"Quien canta su mal espanta", reza el refrán, mas ¿quien cuenta que males espanta?, ¿espanta alguno?, es más ¿qué pretende quien cuenta?. Una vez me llamaron para contar en un pequeño pueblo de navarra, Arano. Dicen que es el único pueblo de Navarra desde el que se divisa la mar. Pero quizás lo más importante es que en ese pueblo nació y se crió mi abuelo, hecho que, tal vez, no sea tan determinante para la humanidad, pero sí para mi imaginario. Diminuto pueblo enclavado en un alto a mitad de camino entre Hernani y Goizueta, y a unas tres horas de caminata desde mi pueblo, atravesando un maravilloso bosque de hayas, robles y castaños. Pueblo rodeado de montes y cromlechs (construcción funeraria megalítica, inspiradora de la teoría del vacío en Oteiza). El caso es que me llamaron para contar cuentos. Sesión entrañable para mí ya que iba a contar historias allí desde donde surgieron muchas historias familiares. Disfruté de la sesión, pero unas semanas después una narradora amiga me contó. Ella estuvo contando después de pasar yo y, claro, le comentaron mi presencia, pero le contaron algo más. Una mujer mayor recién enviudada decidió asistir con una amiga a mi sesión, para de esta forma olvidarse de su pena escuchando cuentos. No esperaba que alguna historia tratase el tema de los cementerios y la muerte. Pobre mujer. ¿Qué pensamientos y sentimientos circularían por su ser escuchando tal historia? ¿A qué lugar se trasladaría sin el conocimiento del narrador? ¿A donde viaja la palabra en el entendimiento del que escucha?

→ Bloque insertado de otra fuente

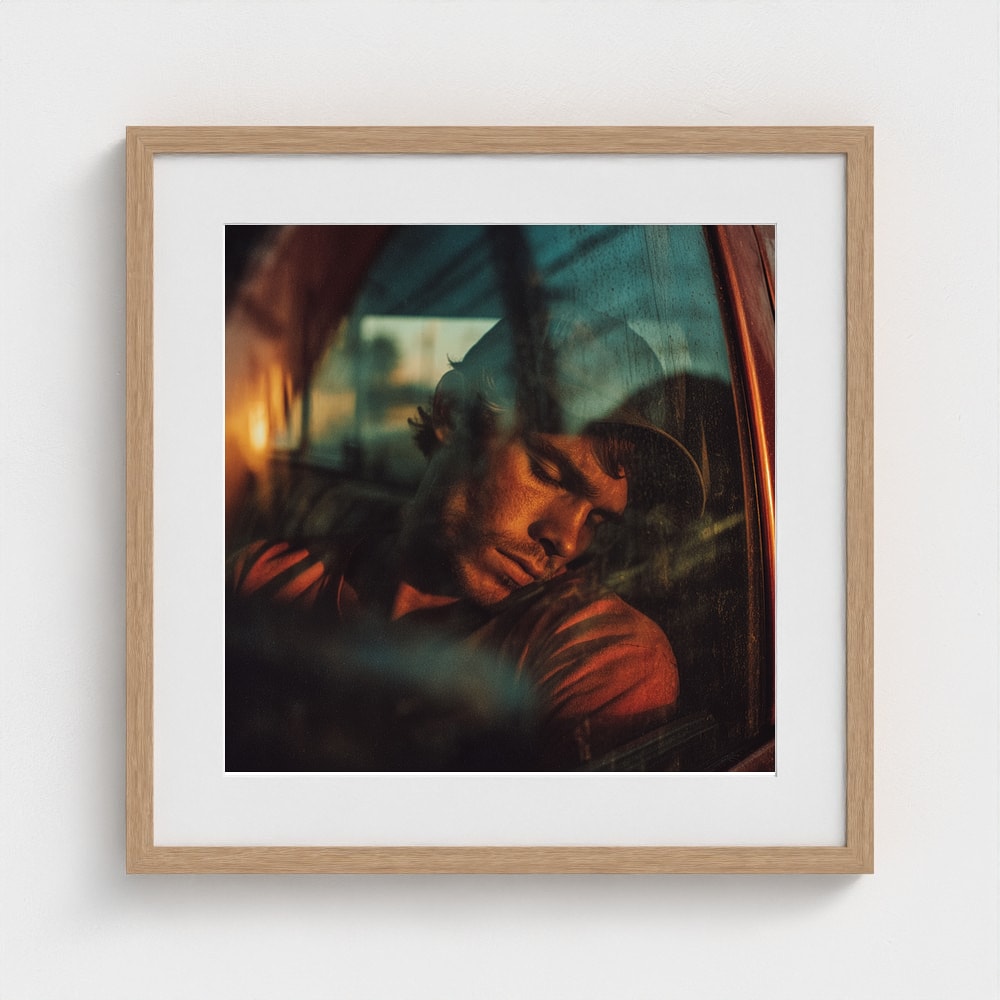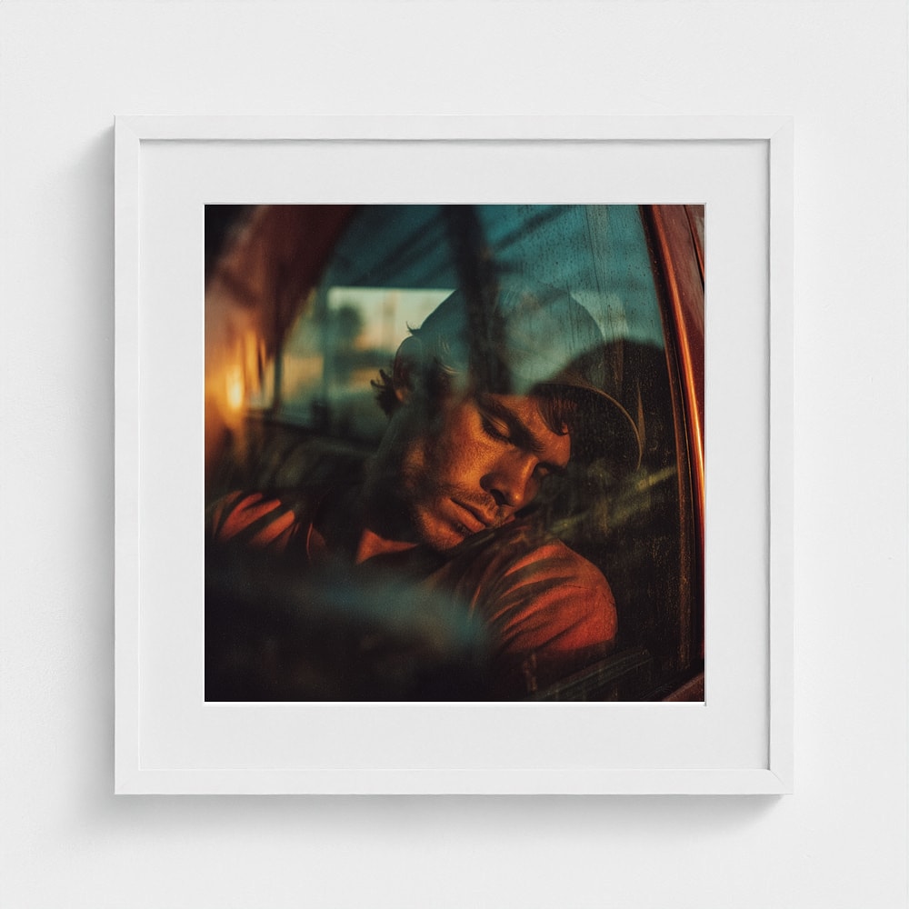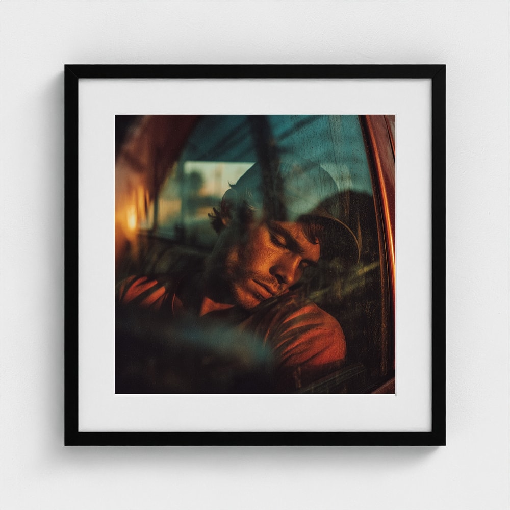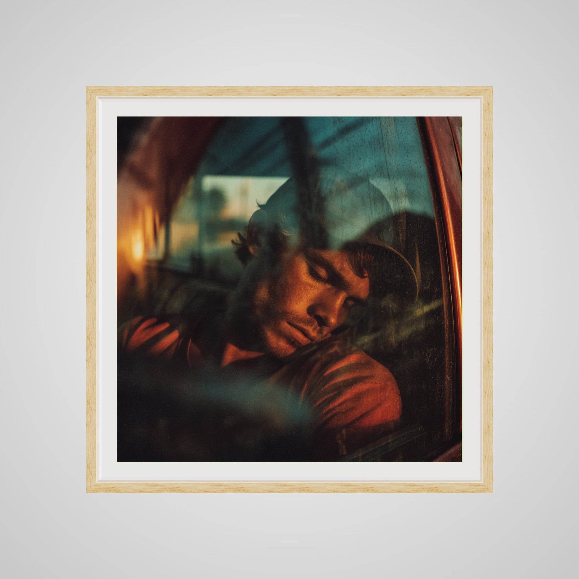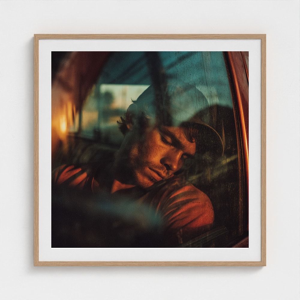 This framed portrait captures a young man at rest inside a vehicle, his head tilted and eyes closed, seen through the soft distortion of glass. Warm, fading light settles across his face and shoulder, filtered by reflections and subtle streaks on the window. The image feels suspended in time—private, introspective, and quietly cinematic—inviting the viewer into a moment that feels both intimate and unreachable.

El narrador que avienta palabras, ¿hacia dónde navega? ¿Qué mares invita a transitar? Quién cuenta debería saber que las historias no pertenecen a si mismo, sino a quien las embarca en su nave, pero para ello el narrador también habrá de embarcar.
¿Quien cuenta su mal espanta? Complicada respuesta, aunque puede ser que la encontremos en ese lugar común que es la comunicación humana.